A word-for-word copy of the data is what's wanted; pictures stay out of it.

------ Data provided

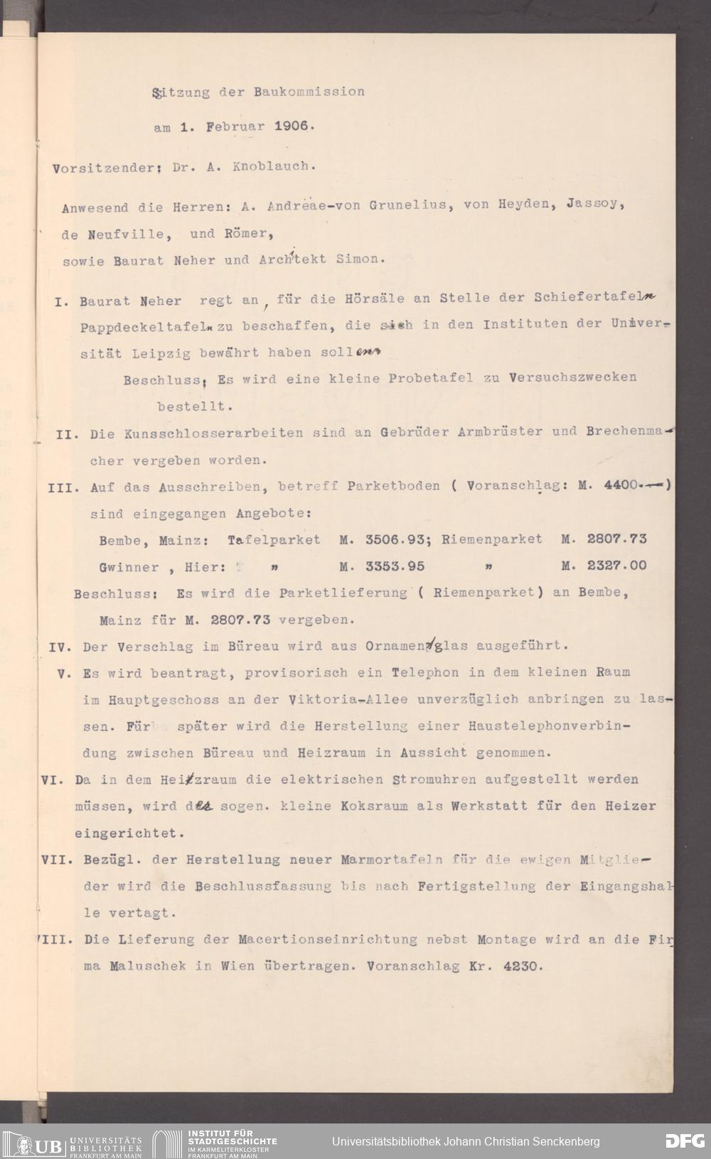 V176 Senckenberg Gesellschaft für Naturforschung, 135 - Kommission für den Neubau des Senckenbermuseums
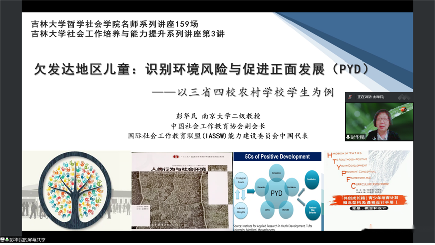 社会工作硕士培养与能力提升系列讲座”第3讲——《欠发达地区儿童:识别环境风险与促进正面发展(PYD)研究》,以线上会议的方式如期举行。该活动的协办单位为吉林省生命关怀协会医务社会工作及志愿服务专业委员会。本次讲座嘉宾是南京大学二级教授、博士生导师、社会建设与社工研究院院长彭华民老师,兼任教育部重大课题攻关项目首席专家、教育部马工程首席专家、第二届教育部全国MSW教指委委员、中国社会工作教育协会副会长、中国社会工作学会学术委员会副主任、中国社会学会社会福利研究专委会理事长、国际社会工作教育联盟(IASSW)能力建设委员会中国代表。本次讲座由副院长芦恒教授主持,院长田毅鹏教授及百余名师生线上参加了此次会议。
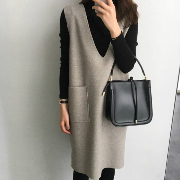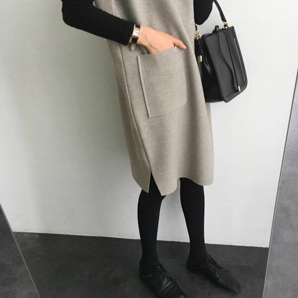 【即納】ワンピース Vネック ノースリーブ ワンピ ひざ丈 ミドル丈 ノースリーブワンピ レディース 秋冬 春夏 レイヤード 重ね着 ジョーゼット 無地 シンプル ヘリンボーン チェック 起毛 マタニティ 妊婦
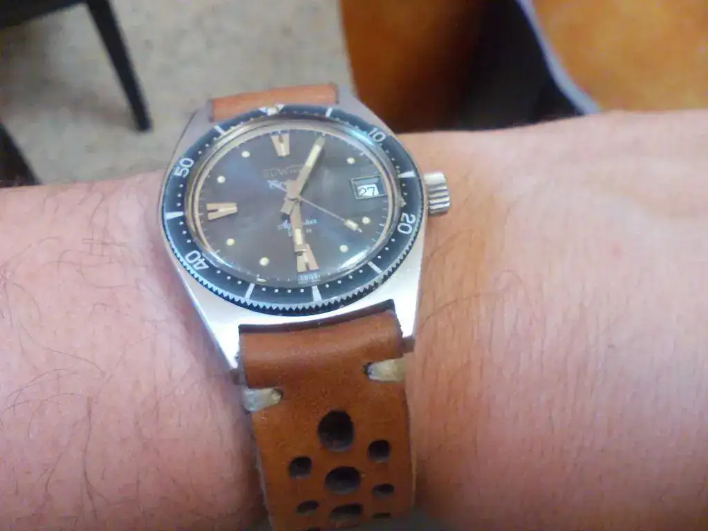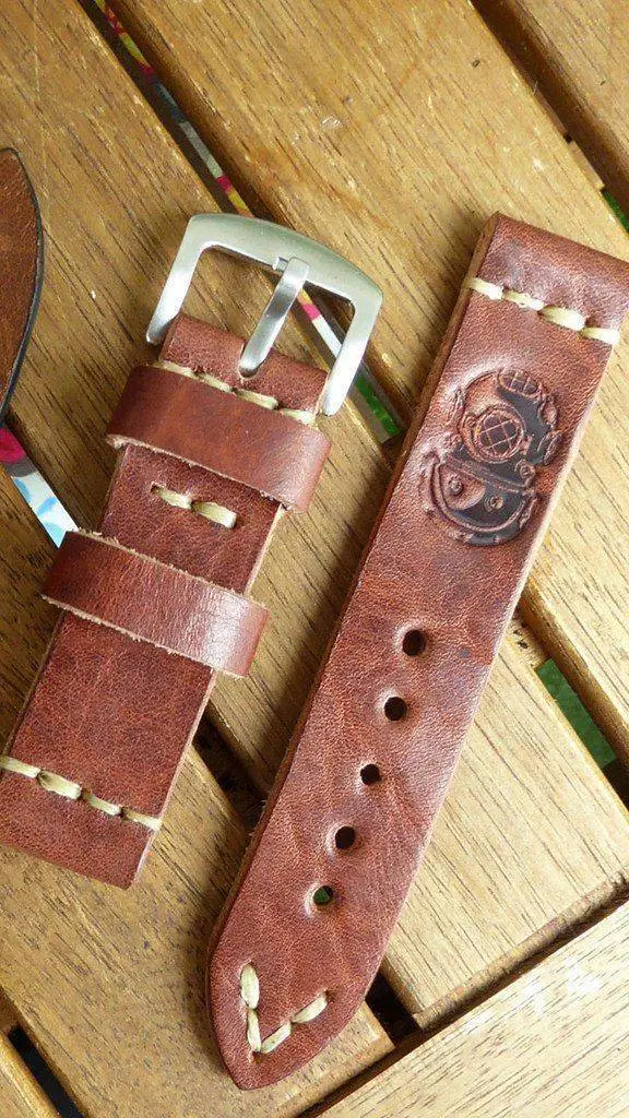 Una más del domingo, que estaba inspirado, con una rosa de los vientos y cosido haciendo forma de brújula, para pilots y relojes aventureros:
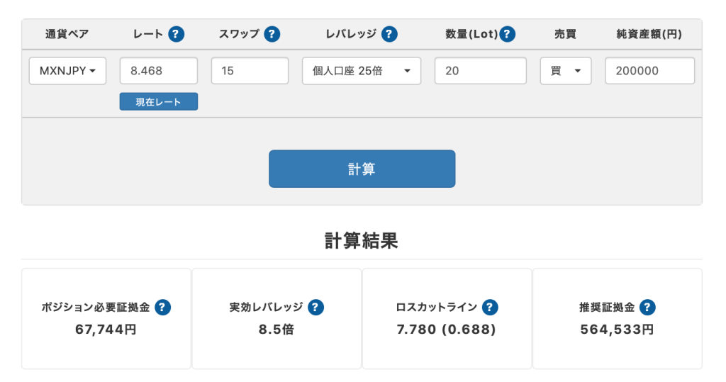 まず、スワップ投資で、最も注意したいロスカットライン(強制決済が発動する価格)は、結論「現在のレート8.5円 → 6.7円まで下落」した場合になります。
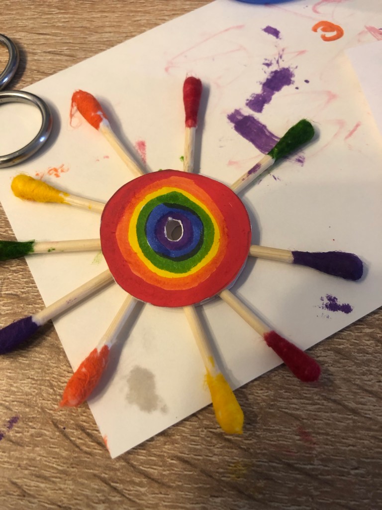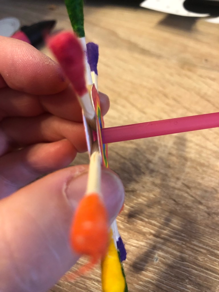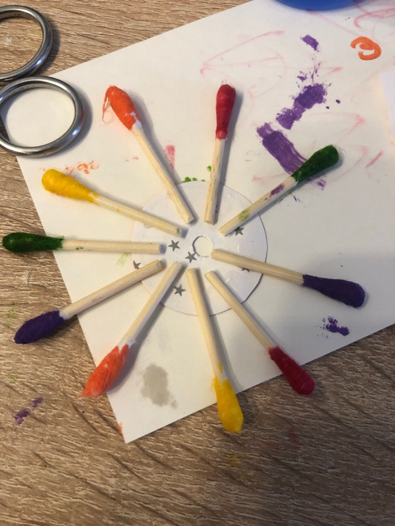 Coupez en deux les cotons tiges et peindre le bout avec des feutres type podcast par exemple. Les faire par deux
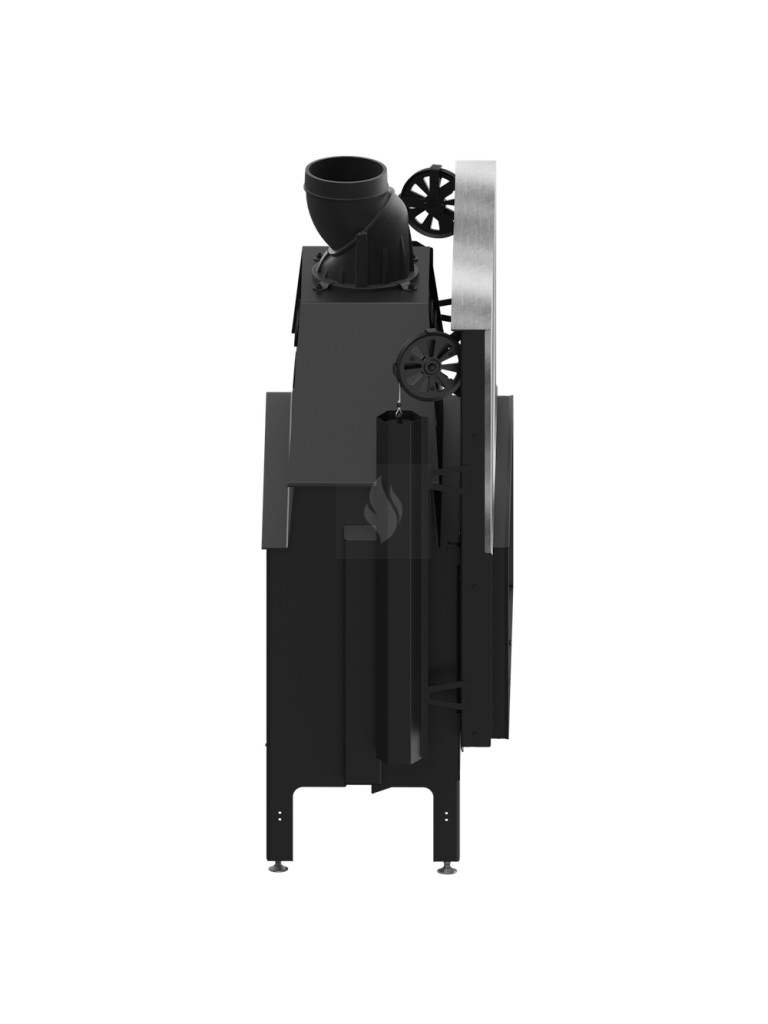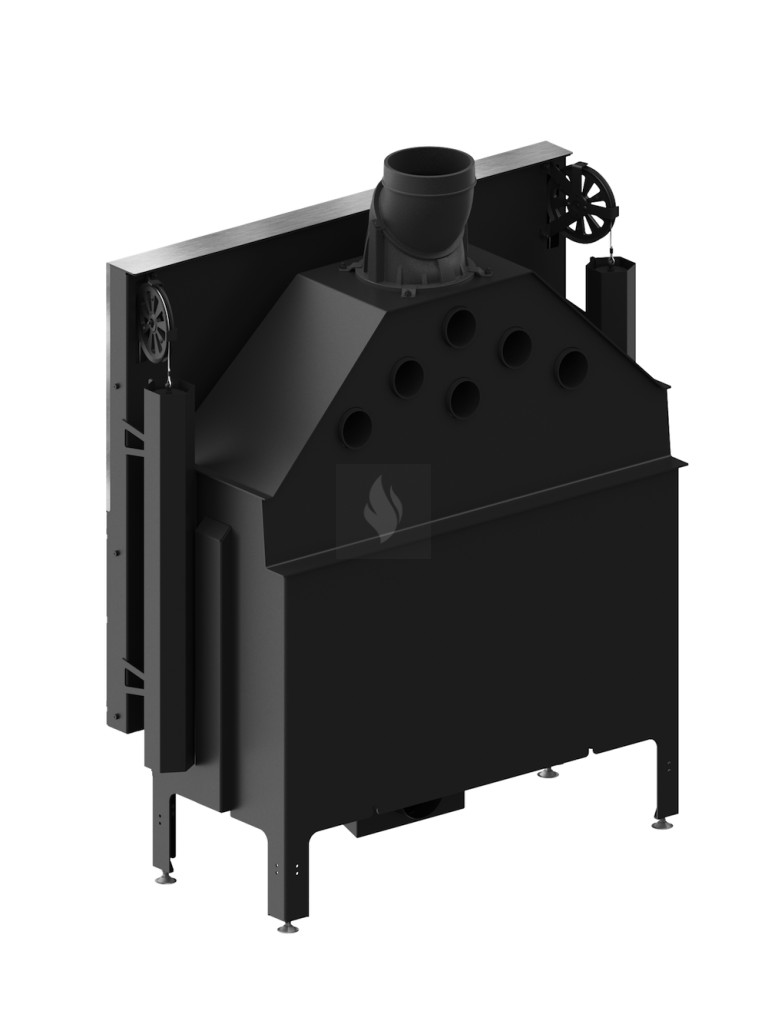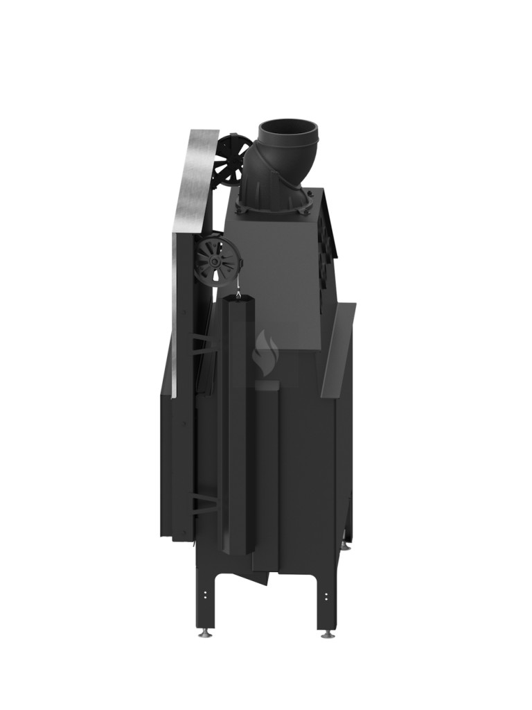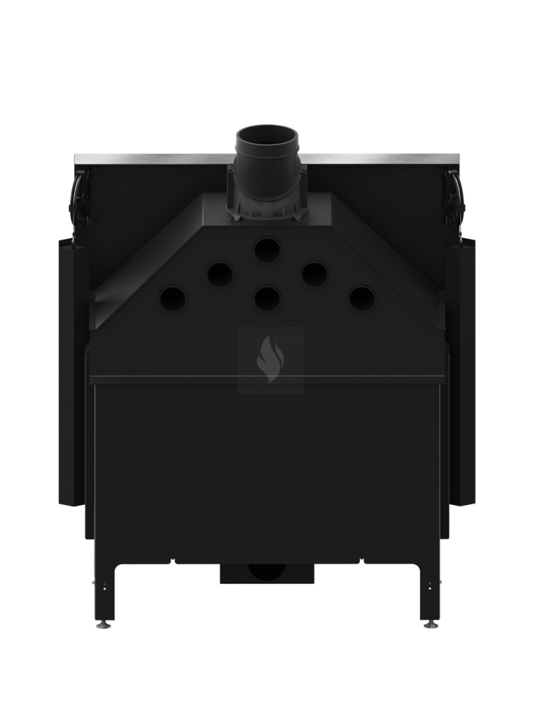 Az öntöttvas füstcső, amely ø200 mm-es és 360°-ban állítható, garantálja a kandalló és a kéménycsatorna szoros csatlakozását, biztosítva a megfelelő égést. Két kerámia deflektor hosszabb égést tesz lehetővé, meghosszabbítva a füstgáz útját és optimalizálva az égési folyamatot. A hőcserélő csövek (három darab) növelik a hőcserélési és felhalmozási területet. A masszív acél test 30%-kal nagyobb súlyú, és a fontos elemek 5 mm vastag P265GH kazánlemezből készülnek.
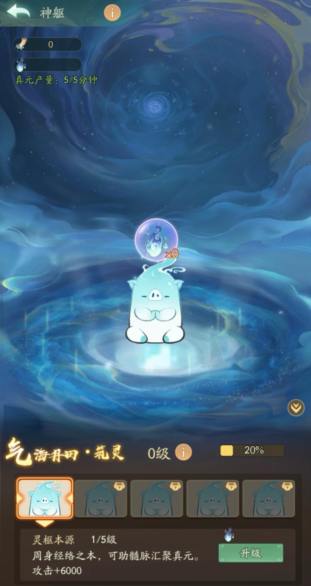 丹田汇天地灵气,蕴元气真力。其内育有五个本源元婴,随着丹田等级提高能解锁更多元婴数量。

------------

* _Expected output_
 V176 Senckenberg Gesellschaft für Naturforschung, 135 - Kommission für den Neubau des Senckenbermuseums
 社会工作硕士培养与能力提升系列讲座”第3讲——《欠发达地区儿童:识别环境风险与促进正面发展(PYD)研究》,以线上会议的方式如期举行。该活动的协办单位为吉林省生命关怀协会医务社会工作及志愿服务专业委员会。本次讲座嘉宾是南京大学二级教授、博士生导师、社会建设与社工研究院院长彭华民老师,兼任教育部重大课题攻关项目首席专家、教育部马工程首席专家、第二届教育部全国MSW教指委委员、中国社会工作教育协会副会长、中国社会工作学会学术委员会副主任、中国社会学会社会福利研究专委会理事长、国际社会工作教育联盟(IASSW)能力建设委员会中国代表。本次讲座由副院长芦恒教授主持,院长田毅鹏教授及百余名师生线上参加了此次会议。
 【即納】ワンピース Vネック ノースリーブ ワンピ ひざ丈 ミドル丈 ノースリーブワンピ レディース 秋冬 春夏 レイヤード 重ね着 ジョーゼット 無地 シンプル ヘリンボーン チェック 起毛 マタニティ 妊婦
 Una más del domingo, que estaba inspirado, con una rosa de los vientos y cosido haciendo forma de brújula, para pilots y relojes aventureros:
 まず、スワップ投資で、最も注意したいロスカットライン(強制決済が発動する価格)は、結論「現在のレート8.5円 → 6.7円まで下落」した場合になります。
 Coupez en deux les cotons tiges et peindre le bout avec des feutres type podcast par exemple. Les faire par deux
 Az öntöttvas füstcső, amely ø200 mm-es és 360°-ban állítható, garantálja a kandalló és a kéménycsatorna szoros csatlakozását, biztosítva a megfelelő égést. Két kerámia deflektor hosszabb égést tesz lehetővé, meghosszabbítva a füstgáz útját és optimalizálva az égési folyamatot. A hőcserélő csövek (három darab) növelik a hőcserélési és felhalmozási területet. A masszív acél test 30%-kal nagyobb súlyú, és a fontos elemek 5 mm vastag P265GH kazánlemezből készülnek.
 丹田汇天地灵气,蕴元气真力。其内育有五个本源元婴,随着丹田等级提高能解锁更多元婴数量。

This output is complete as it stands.